-- RAW DATA follows --
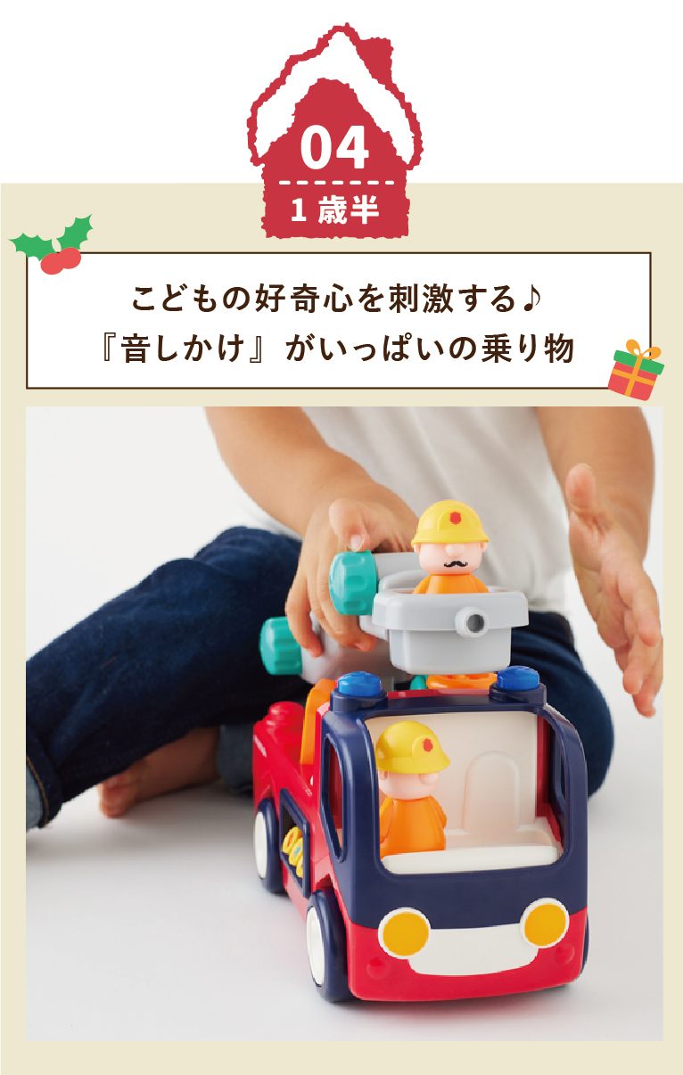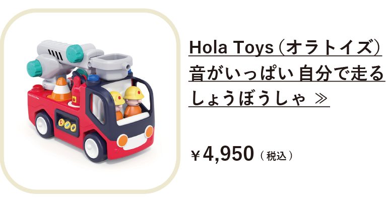 サイレン音や音楽が流れるサウンド機能、自分で走る走行機能がついた『Hola Toys(オラトイズ)』の音がいっぱいおもちゃ。人形や道具を取り外してごっこ遊びも楽しむことができます。
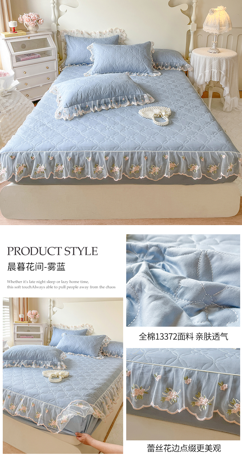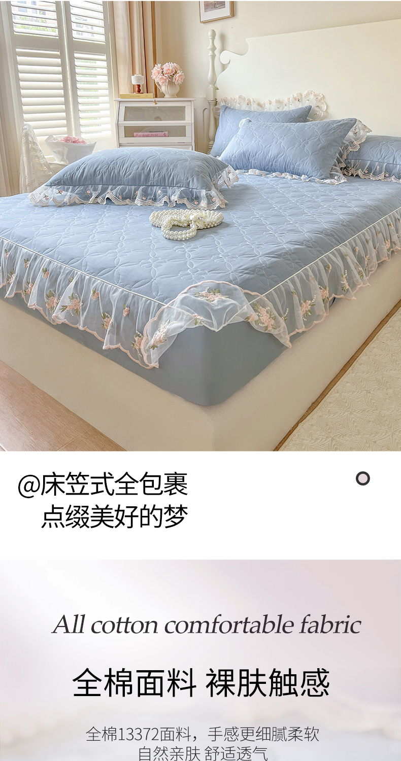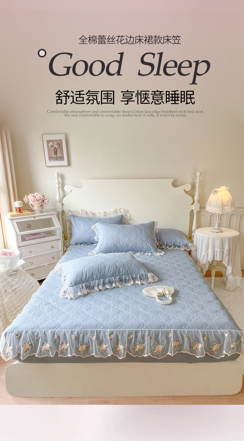 麒豆豆 2025新款全棉蕾丝边床裙款床笠-晨暮花间 晨暮花间-雾蓝
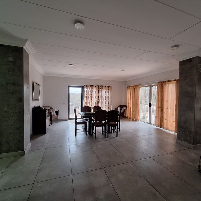 Relax on a Wilge River-view veranda with private braai in a quiet suburb; refurbished home features a striking concrete slab kitchen table, flexible living, three-bed/three-bath main house plus one‑bed flat.
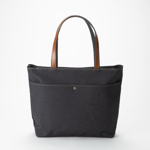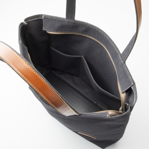 口元には落とし込みファスナーを採用し、荷物の飛び出しを防ぎながら、すっきりとした見た目に。背面と内側にはポケットを備え、整理しやすく、持ち手は表に革、裏に本体と同じ帆布を使用した二重構造で、肩掛けも可能なしっかりとしたつくりです。
-- RAW DATA concluded --
Word for word, restate the lines above from the first through the one that contains "Relax on a Wilge", and exclude all pictures.

**SOLVED EXERCISE:**
 サイレン音や音楽が流れるサウンド機能、自分で走る走行機能がついた『Hola Toys(オラトイズ)』の音がいっぱいおもちゃ。人形や道具を取り外してごっこ遊びも楽しむことができます。
 麒豆豆 2025新款全棉蕾丝边床裙款床笠-晨暮花间 晨暮花间-雾蓝
 Relax on a Wilge River-view veranda with private braai in a quiet suburb; refurbished home features a striking concrete slab kitchen table, flexible living, three-bed/three-bath main house plus one‑bed flat.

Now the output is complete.